§ **WORK TO BE COMPLETED**
Reproduce, exactly and in full, the lines from the one with "Bransoletka grossular z" through the one with "Díky užití elektrického" in the data below; drop pictures.

§ **DATA TO PROCESS**

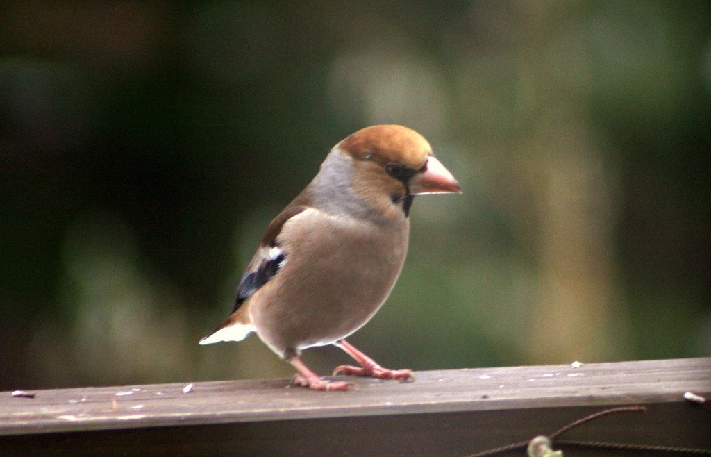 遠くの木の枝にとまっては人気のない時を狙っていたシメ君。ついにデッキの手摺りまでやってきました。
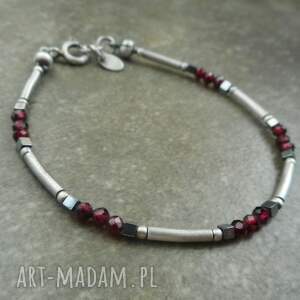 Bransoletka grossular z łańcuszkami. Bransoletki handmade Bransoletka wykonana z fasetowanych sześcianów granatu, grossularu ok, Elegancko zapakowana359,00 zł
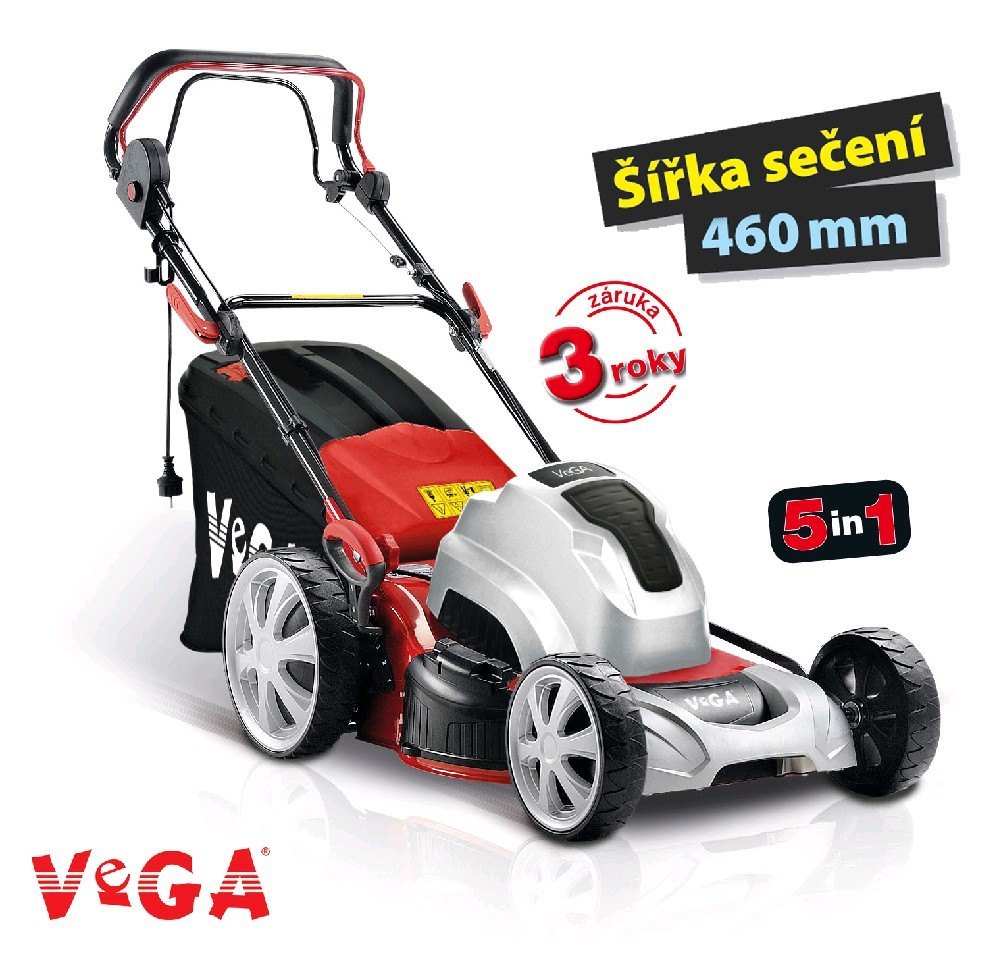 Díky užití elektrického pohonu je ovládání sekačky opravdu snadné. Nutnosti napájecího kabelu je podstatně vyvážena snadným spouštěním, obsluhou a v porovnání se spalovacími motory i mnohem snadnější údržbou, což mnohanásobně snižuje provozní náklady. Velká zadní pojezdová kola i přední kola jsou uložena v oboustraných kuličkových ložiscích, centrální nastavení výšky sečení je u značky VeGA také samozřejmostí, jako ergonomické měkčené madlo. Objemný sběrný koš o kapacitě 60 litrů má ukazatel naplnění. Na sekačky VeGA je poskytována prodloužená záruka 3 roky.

* * *

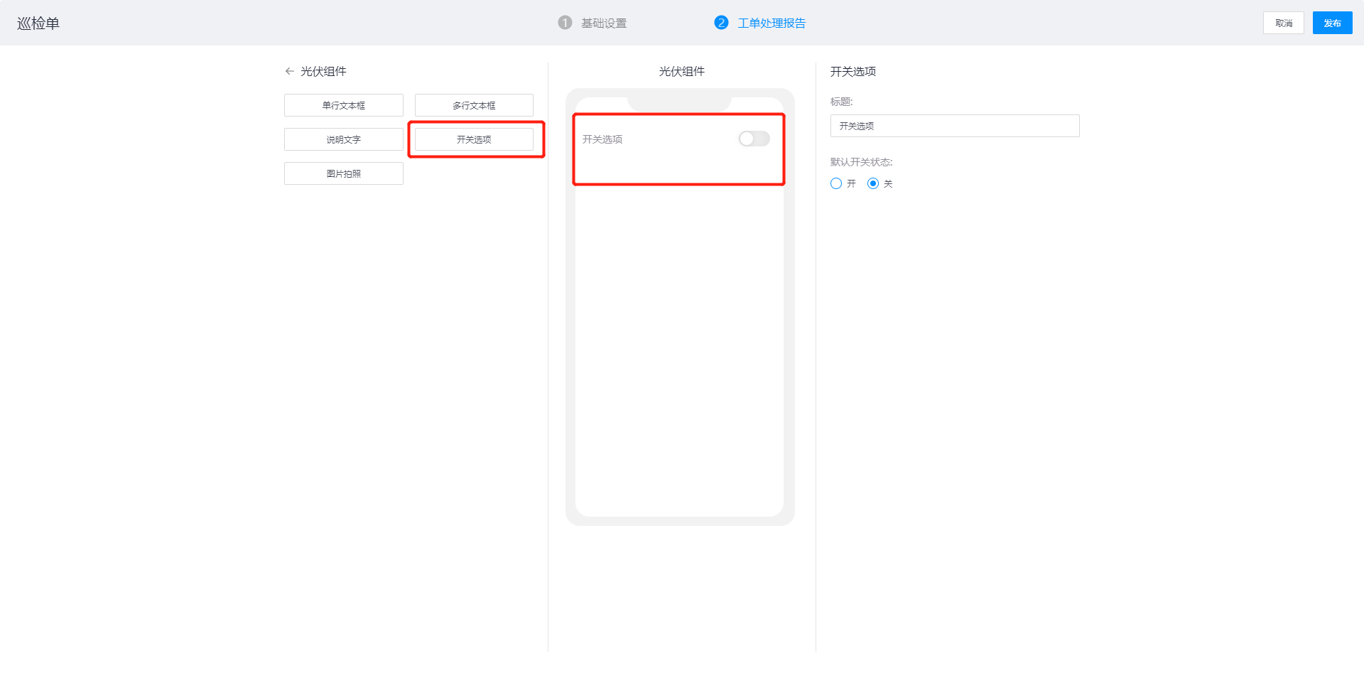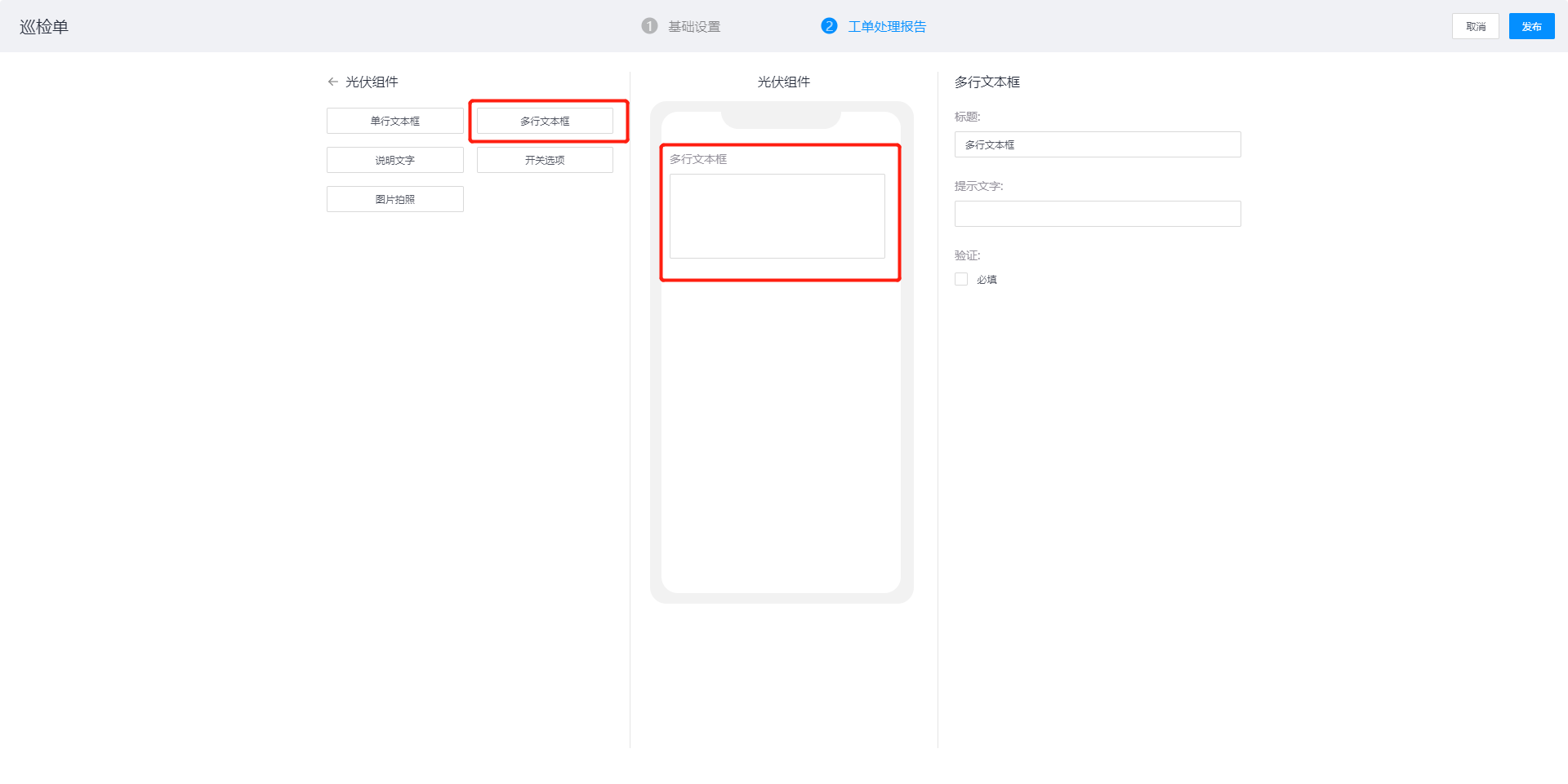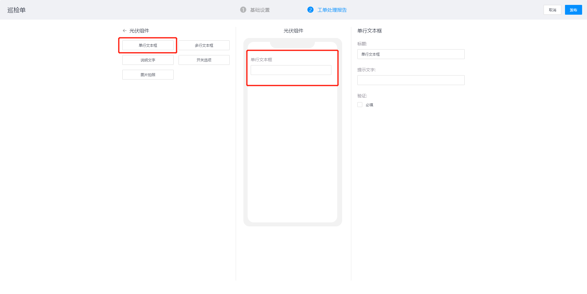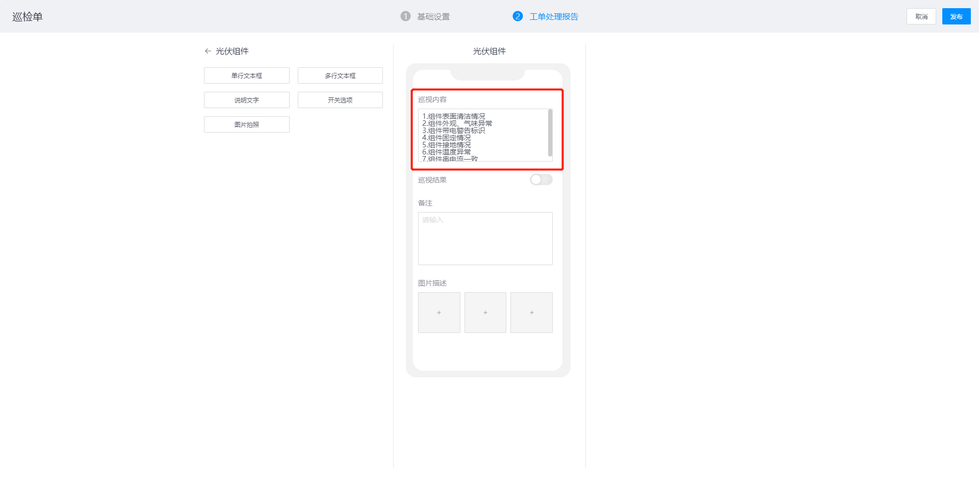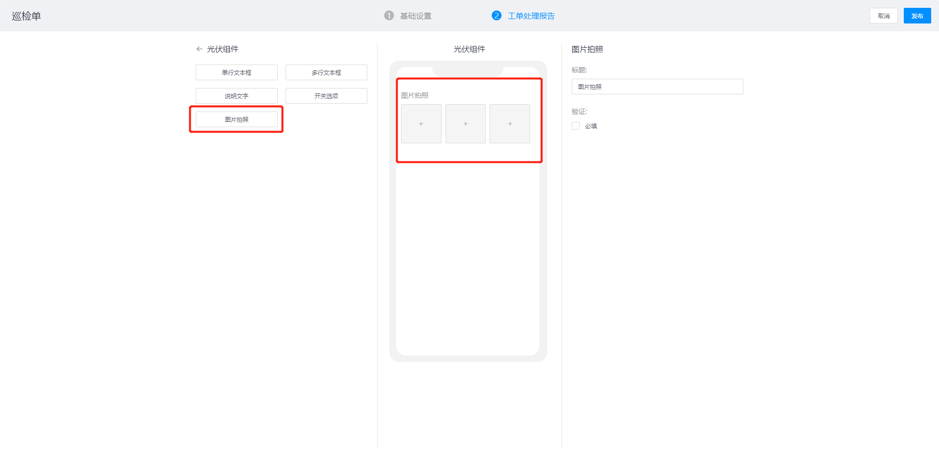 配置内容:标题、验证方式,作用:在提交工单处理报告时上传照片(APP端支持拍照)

§ **EXERCISE ANSWER**
 Bransoletka grossular z łańcuszkami. Bransoletki handmade Bransoletka wykonana z fasetowanych sześcianów granatu, grossularu ok, Elegancko zapakowana359,00 zł
 Díky užití elektrického pohonu je ovládání sekačky opravdu snadné. Nutnosti napájecího kabelu je podstatně vyvážena snadným spouštěním, obsluhou a v porovnání se spalovacími motory i mnohem snadnější údržbou, což mnohanásobně snižuje provozní náklady. Velká zadní pojezdová kola i přední kola jsou uložena v oboustraných kuličkových ložiscích, centrální nastavení výšky sečení je u značky VeGA také samozřejmostí, jako ergonomické měkčené madlo. Objemný sběrný koš o kapacitě 60 litrů má ukazatel naplnění. Na sekačky VeGA je poskytována prodloužená záruka 3 roky.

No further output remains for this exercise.